Plans to maximise the positive health and environmental impacts of Glasgow’s Low Emission Zone by widening its scope to include all vehicles driving into the city centre from June next year, has been agreed at today’s City Administration Committee.
As the main source of harmful nitrogen dioxide levels in our city centre is from road traffic – Glasgow’s LEZ is an essential measure to improve air quality, protect public health and support wider climate change ambitions by encouraging more sustainable transport options.
Phase 1 of Glasgow’s LEZ was introduced in 2018 – with a much greater proportion of cleaner, low and zero emission buses now travelling through our city centre. Subject to Scottish Ministers approval, Phase 2 of Glasgow’s LEZ will be implemented on 31 May 2022 and enforced from 1 June 2023 following a one-year grace period. Enforcement for zone residents’ vehicles will start from 1 June 2024.
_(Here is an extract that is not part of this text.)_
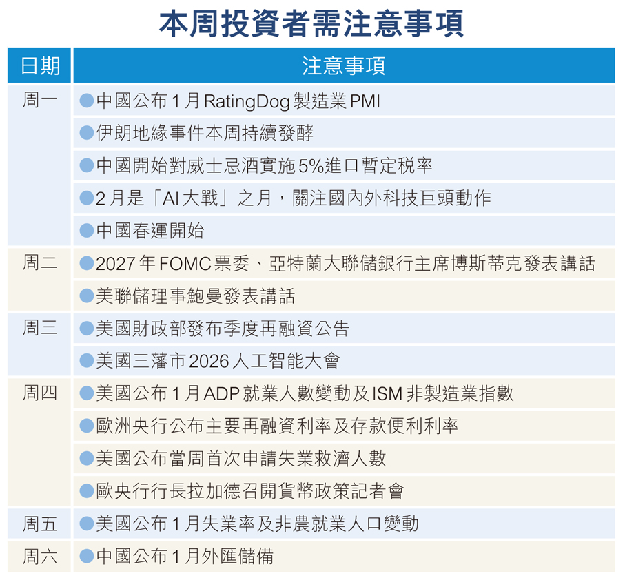 此外,每年3月都有所謂「兩會行情」,甯鉑預計,延續「十五五」規劃的政策基調,建議關注科技創新與高端製造:AI互聯網、人形機器人、自動駕駛等相關港股;提振內需與民生保障:必需消費的龍頭股,今年有望迎來脫困逆襲的機會。

Cllr Anna Richardson, City Convener for Sustainability and Carbon Reduction said: “Glasgow’s air quality situation is pressing, not least because of the chronically high levels of air pollution in some of our streets.
“Seeking to restrict the most polluting vehicles from our city centre is the right thing to do to ensure that we mitigate the health harms caused by air pollution. Whether it is the impact on cardiovascular disease and breathing conditions such as asthma, or the less obvious contribution to conditions such as dementia, diabetes or cancers, air pollution affects us all.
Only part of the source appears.